Утро было ветреным, стылым – даже через закрытые окна Михаил Петрович Коробейников ощущал холод, видел, как раскачивались верхушки берёз, только-только покрывшиеся бледно-зелёной листвой. Лохматые облака почти касались верхушек, причудливо закручивались и рассыпались на космы, похожие на дым. Погода словно добавляла мрачности, давила тяжёлым прессом на настроение, без того пасмурное и тоскливое.

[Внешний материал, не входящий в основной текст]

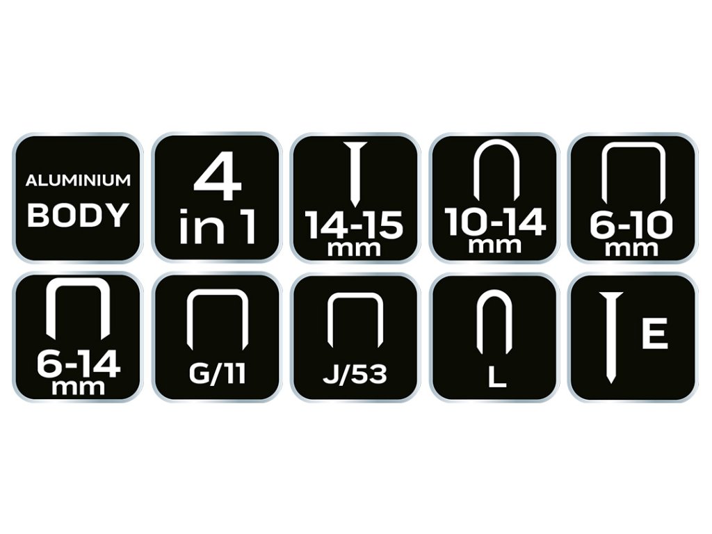Multifunkčná zošívačka 4 v 1, 6-14 mm, hliník, sponky J, G, L, E 16-030
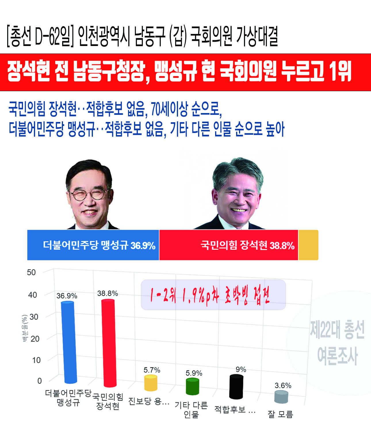 ³»³â Á¦22´ë ±¹È¸ÀÇ¿ø ¼±°Å¸¦ 62ÀÏ ¾ÕµÎ°í Á¶»çµÈ ÀÎõ±¤¿ª½Ã ³²µ¿±¸ °© ¼±°Å±¸ ¡¸³²µ¿°© ±¹È¸ÀÇ¿ø °¡»ó´ë°á¡¹¿©·ÐÁ¶»ç¿¡¼ ±¹¹ÎÀÇÈû Àå¼®Çö Àü ÀÎõ±¤¿ª½Ã ³²µ¿±¸Ã»ÀåÀÌ 38.8%¸¦ ¾ò¾î 36.9%¸¦ ¾òÀº ´õºÒ¾î¹ÎÁÖ´ç ¸Í¼º±Ô Çö Á¦21´ë ±¹È¸ÀÇ¿ø°ú 1.9%p Â÷ÀÌ·Î ÃÊ ¹ÚºùÀÇ Á¢ÀüÀ» ¹úÀÌ´Â °ÍÀ¸·Î ³ªÅ¸³µ´Ù.
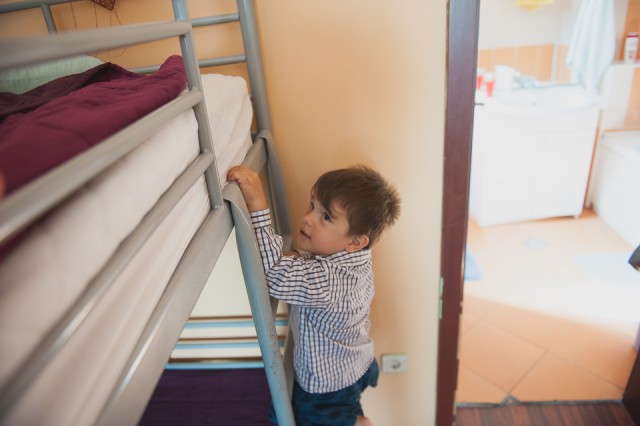 Coborând din cameră ne-am oprit să facem o fotografie de grup pe scări. Nicolas, juniorul de 2 ani, n-avea nicicum răbdare. Știa că urma să mergem în parc și doar la asta se gândea.
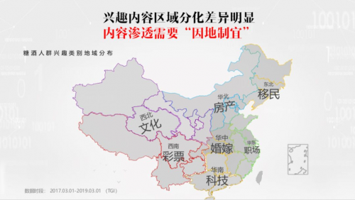 不同于其他行业,因不同地区的风土人情及饮食特色差异化明显,糖酒食品行业地域细分化更加凸显,同时也导致了营销内容的渗透需要更加“因地制宜”。其中,西北地区注重“文化”内容,华南地区对“科技”更感兴趣,华北则是“房产”的重要关注者。
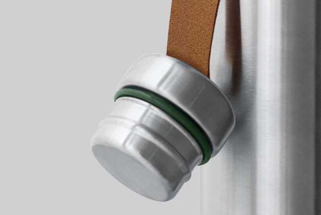 Der Kunstlederriemen sorgt dafür, dass der Deckel nicht verloren geht, und erleichtert das Tragen der Flasche. Er wird sicher an einem Stahlring um den Flaschenhals gehalten.
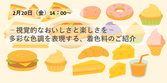 【オンラインセミナー】2月開催 商品紹介セミナー ~視覚的なおいしさと楽しさを~ 多彩な色調を表現する、着色料のご案内
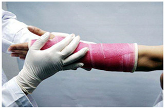 6、固定部位有皮外傷或需操作更長時(shí)間時(shí),夾板可先不浸水,直接用紗布繃帶或彈性繃帶纏繞固定后在薄外層的無紡布上噴灑水來加速硬化;
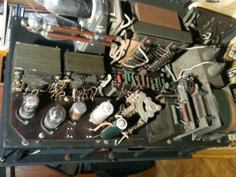 Egy különleges rádió javítása olykor archeológiai munkának is beillik. Itt van például a tárgyalt és szokatlan körülmények között föllelt FuG10Sk köré épített adó. Nekifutásként Ádi barátommal nagy nyomású levegővel kifújtuk belőle a port és a pókcsaládokat, de ez még azért csak első megközelítésben, ha tetszik, távolról nézvést jelentett valamit. A következő etap a mechanika áttekintése volt. Itt már előkerültek mindenféle tarkabarka hibák – példának okáért száznyolcvan fokkal elfordult tengelyek, semmibe csatlakozó érintkezők és más efféle finomságok. Idővel persze kapcsolási rajz és kezelési utasítás híján is rájön az ember, mit kell meghúzni-megereszteni, összébb nyomni, kivenni és cserélni.
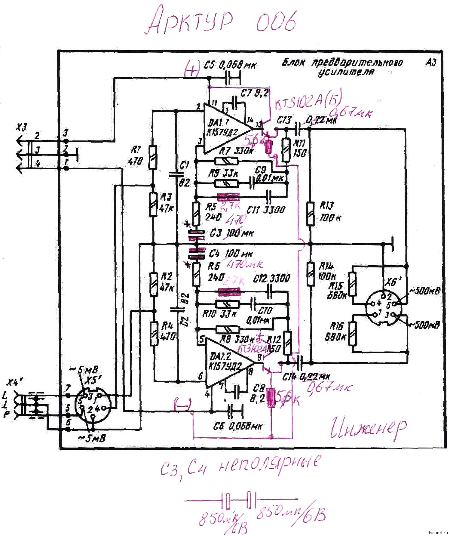 Случайно в мои руки попал проигрыватель пластинок «Арктур-006-стерео». Поэтому появилась острая нужда в фонокорректоре. На просторах Интернета наткнулся на схему А. Бокарёва

Пожалуй, первый раз в таком состоянии уезжал из дома Михаил Петрович. От бессонной ночи разрывалась на части голова, ломили в запястьях руки, в душе словно вспыхнула война, такая неожиданная и ожесточённая. С одной стороны, Коробейникову надо давно было решиться на этот шаг, потому что с каждым днём он чувствовал, как слабеет, словно погружается в какой-то прожигающий насквозь сосуд, и когтистая болячка в самый неподходящий момент впивается в тело, будто хищная птица, тащит на себя все внутренности. Иногда по ночам, когда боль казалась нестерпимой, Коробейников метался по койке, словно пытался найти уголок, который бы согрел, утихомирил нарывающий живот. В такие минуты хотелось поскорее уйти, скрыться, умереть – одним словом, сделать что-то такое, чтобы больше не мучиться, не изнывать от тоски, от болей в сердце, острых, как шило.
С другой стороны – душа просила жизни, радости, человеческого общения. Умрёшь – и мир, где светит солнце, где радует тепло, внук, который у Коробейникова был любимым, исчезнет навсегда, канет в какую-то тьму, космическую бездну, превратился в неосязаемую пыль. Правы мудрецы, которые считают, что человек живёт до той поры, пока живёт память. Но память категория непостоянная, она имеет свойство стирать всё пережитое, тугой непроницаемой пеленой закрывать даже лица близких друзей, товарищей, а не только тех, с кем был знаком шапочно, по работе или по жизни.
Впрочем, бывают такие мгновенья и люди, которые постоянно в голове, в сердце, словно глубокие борозды о пережитом. Десять лет назад умерла жена Коробейникова Надежда, а мозг сохранил её облик, речь, походку, каждую чёрточку на лице. И, наверное, поэтому она часто снится ему во сне, говорит, как с живым, спокойно и размеренно, как умела говорить только Надежда. Голос её, бархатный, ласкающий, не исчезает даже тогда, когда Коробейников просыпается, пустыми глазами впивается в темноту, словно ждёт, как жена приблизится, наклонится, обдаст своим дыханием.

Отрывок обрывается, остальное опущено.